EXPR: BUILTIN '(' EXPR* ')' {800}
    | 'if' '(' EXPR_PAIR+ EXPR ')' {800}
    | 'switch' '(' EXPR EXPR_PAIR+ EXPR ')' {800}
    | '[' EXPR 'for' KVP+ ']'
    | OOO_PAREN EXPR ')'
    | EXPR F_PAREN EXPR+ KVP* ')' {left, 700}
    | EXPR DOT POST_DOT {left, 700}
    | EXPR '%' EXPR {left, 600}
    | EXPR '^' EXPR {left, 600}
    | EXPR '+' EXPR {left, 500}
    | EXPR '/' EXPR {left, 500}
    | EXPR '\\' EXPR {left, 500}
    // logical operators on string expressions
    // lower precedence than string-string operators,
    // higher than pure logic operators
    | EXPR '==' EXPR {left, 450}
    | EXPR '=~' EXPR {left, 450}
    // logical operators, which can't really be chained with string operators
    // (even if a nonzero-length string can evaluate to "true"):
    // !a.b.c+e.f makes no sense as !(a.b.c)+e.f -> (false)+e.f
    // so they will have lower precedence
    | '!' EXPR {right, 400}
    | EXPR '&&' EXPR {left, 300}
    | EXPR '||' EXPR {left, 250}
    | LITERAL {200}
    | VAR {100};

POST_DOT: MODIFIER '(' EXPR* ')' {1000}
        | VAR {100};

////// COMPOUND EXPRESSIONS //////

KVP: VAR '=' EXPR;
EXPR_PAIR: EXPR ':' EXPR;

///// MODIFIERS /////

MODIFIER: 'strip' | 'lower' | 'pre' | 'post' | 'regex' | 'wrap';

///// BUILTINS /////

BUILTIN: 'chmod' | 'dynamic' | 'table' | 'sha256' | 'cat';

///// LITERALS /////

LITERAL: FUNC | DICT | LIST | STRING | INT | BOOL | PUKE | NULL;
FUNC: '{' VAR+ KVP* '->' EXPR '}';
DICT: '<' KVP* '>';
BOOL: 'true' | 'false';
STRING: DQSTRING | SQSTRING;
LIST: '[' LIST_ELEM* ']';
LIST_ELEM: EXPR | EXPAND | SKIP;
EXPAND: '*' EXPR;

///// TERMINALS /////

terminals
// F_PAREN is a paren that must be a function call
F_PAREN: /(?<=[a-zA-Z_0-9)}])\(/;
// OOO_PAREN is a parent that must not be a function call
OOO_PAREN: /(?<![a-zA-Z_0-9)}])\(/;
VAR: /[a-zA-Z_][a-zA-Z_0-9]*/;
INT: /\d+/;
DOT: '.';
PUKE: 'puke';
NULL: 'null';
SKIP: 'skip';
DQSTRING: /"[^"\\]*(?:\\.[^"\\]*)*"/;
SQSTRING: /'[^'\\]*(?:\\.[^'\\]*)*'/;

If I run rm grammar.pgt && python example.py I get the following output

[[['dynamic', '(', ['"OS"'], ')']], None]

If I then run python example.py again I get:

[[['dynamic', '(', ['"OS"'], [], ')']], None]

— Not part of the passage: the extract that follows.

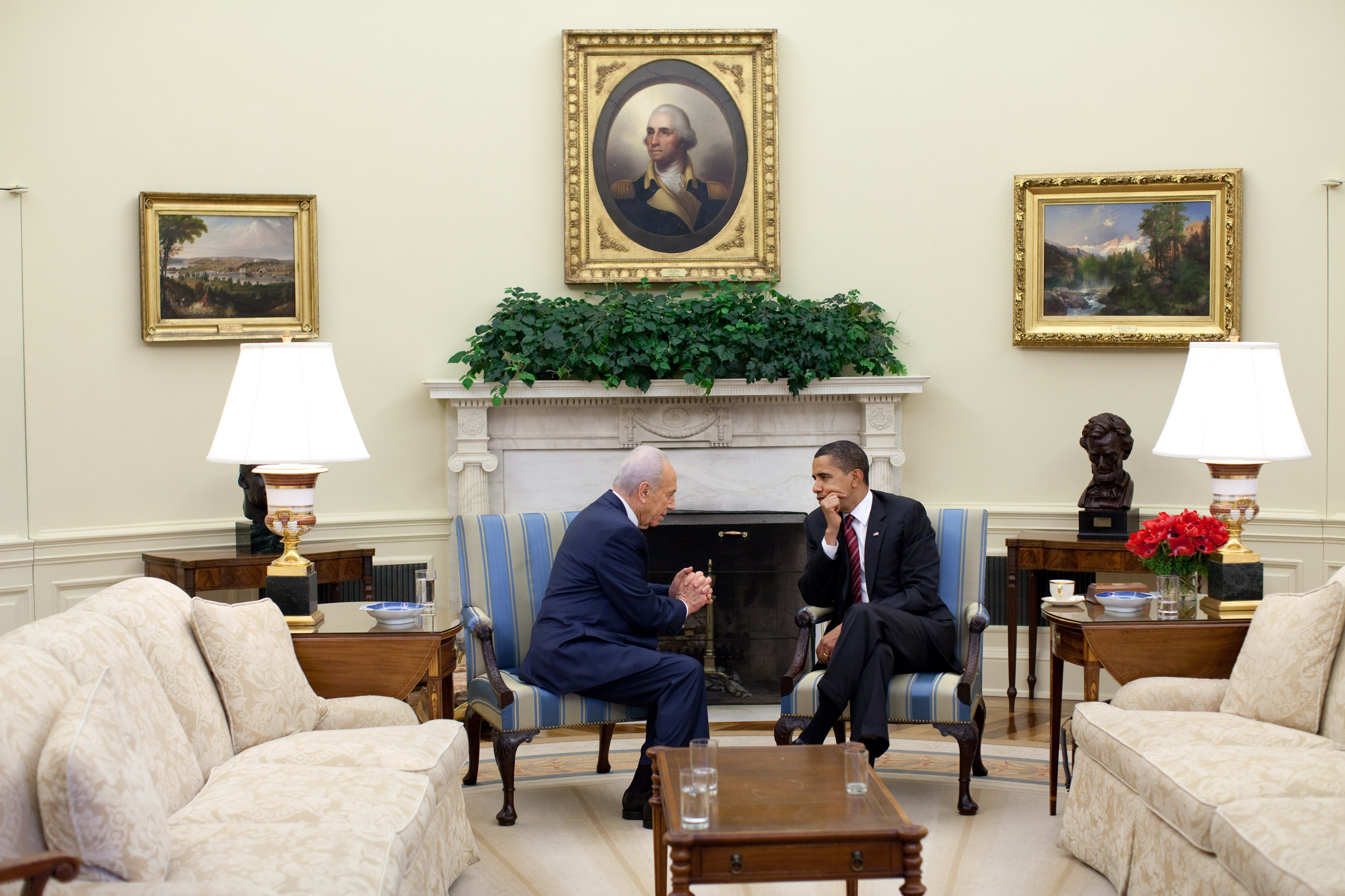 President Barack Obama meets with Israeli President Shimon Peres in the Oval Office Tuesday, May 5, 2009. On the left is the painting City of Washington From Beyond the Navy Yard (1833) by George Cooke. Above the mantel is Porthole Portrait of George Washington (1795) by Rembrandt Peale. On the right is The Three Tetons (1895) by Thomas Moran. On the table to the right is Bust of Abraham Lincoln (1887) by Augustus Saint-Gaudens. Official White House Photo by Pete Souza.

The first time through it is correctly evaluating as the first line of the EXPR block, designed to catch builtin functions in my language like "dynamic":

BUILTIN '(' EXPR* ')' {800}

But the second time it is evaluating as the sixth line, designed to catch user-defined functions:

EXPR F_PAREN EXPR+ KVP* ')' {left, 700}

(Note that F_PAREN means "function paren" and indicates a "(" which is not proceeded by a space, which allows for lists of expressions that can be space separated instead of comma separated).

Is my grammar written in a way that it only happens to work without table caching, or is this a bug?

igordejanovic commented 6 years ago

Thanks for taking time to write a detailed report. There should be no difference in parsing between loaded and calculated table. There also should be no grammar that can't work with table caching so this must be a bug. I'll investigate. What is your Python version?

igordejanovic commented 6 years ago

The bug should be fixed now. Here is a regression test based on the code you provided.

rexroni commented 6 years ago

Awesome, it seems to be working great now! Glad I could help.